Estimates of phenotypic selection and fitness landscapes

We obtained data on growth, bud flush and bud set from two common garden collections of the SwAsp individuals located at Ekebo (55.9°N) and Sävar (63.4°N) (Hall et al., 2007; Luquez et al., 2008; Michelson et al., 2018). Measuring fitness in long‐lived perennial trees is extremely hard, and we have resorted to using growth rates as a proxy for fitness. We collected data on height and diameter from both common gardens in 2008 and calculated relative growth rates (RGR) using data on initial sizes at the time of planting in 2004. RGR data were then used to calculate relative fitness of all individuals separately for the two common garden sites at Ekebo and Sävar by scaling RGR values to between 0 and 1. We also obtained data on bud flush and bud set, two phenology traits that are important for climate adaptation in aspen (Hall et al., 2007; Luquez et al., 2008; Michelson et al., 2018). Breeding values for bud flush and bud set, calculated from clonally replicated individuals in the two common gardens, were obtained from earlier publications (Hall et al., 2007; Luquez et al., 2008; Michelson et al., 2018). To estimate natural selection acting on phenology, we employed the multiple regression approach of Lande and Arnold (1983) to obtain estimates of linear selection coefficients gradients (β), measuring directional selection acting on the traits, or quadratic selection gradients (γ), measuring stabilizing, disruptive or correlational selection (see for a more extensive discussion, Brodie, Moore, & Janzen, 1995). Prior to analysis, phenotypic traits were standardized by subtracting the mean and dividing by the standard deviation. For analyses of selection gradients, we employed the method developed by Morrissey and Sakrejda (2013) that explicitly model non‐normal distributions of fitness as implemented in the R package gsg (Morrissey & Sakrejda, 2014). To determine the significance of the selection gradients, we used 1,000 bootstrap replicates. We also visualized the relationship between trait values and fitness using methods outlined in Morrissey and Sakrejda (2013, 2014).

RESULTS

We obtained sequencing data for 94 of the 116 original individuals from the SwAsp collection. The number of individuals genotyped per population ranged from 4 (population 11) to 10 (population 10) with a median number of 6. After SNP calling and filtering, a total of 8,007,303 SNPs remained for downstream analysis. For the LFMM analyses, we filtered the data set on minor allele frequency (MAF), keeping only SNPs where the MAF exceeded 0.05, resulting in a data set of 4,404,968 SNPs.

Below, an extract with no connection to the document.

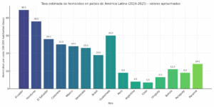 En promedio, la tasa regional oscila cerca de 17 homicidios por cada 100.000 habitantes, contrastando con la media mundial de 6.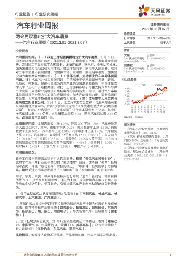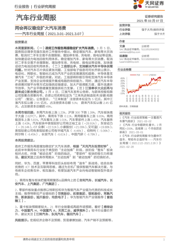 【天风证券】【20210307】汽车行业周报:两会再议稳定扩大汽车消费-15页

Genetic diversity and population structure

Nucleotide diversity was similar across the 12 populations (mean π 0.00325, range 0.00321–0.0034) and showed no relationship with geographic location. Population differentiation across the entire range of P. tremula in Sweden is very low (overall F ST = 0.0021, Wang et al., 2018), and there is only a weak pattern of geographic structure in the PCA plot (Supporting Information Figure S1). Despite the low overall population differentiation seen in the SwAsp population, we do observe significant variation in genetic differentiation across the genome with several regions showing substantially elevated levels of genetic differentiation both when estimated using hapFLK (Figure 2) or when estimated using F ST (Supporting Information Figure S2). In total, 11,055 SNPs were significant in the genome‐wide hapFLK scan, representing 35 independent genomic regions (Figure 2).

Figure 2

Manhattan plot of the results from the hapFLK analysis between the southern (pop 1–6) and northern (pop 9–12) populations in the SwAsp collection. Highlighted points (red) represent significant outliers (p < 0.001)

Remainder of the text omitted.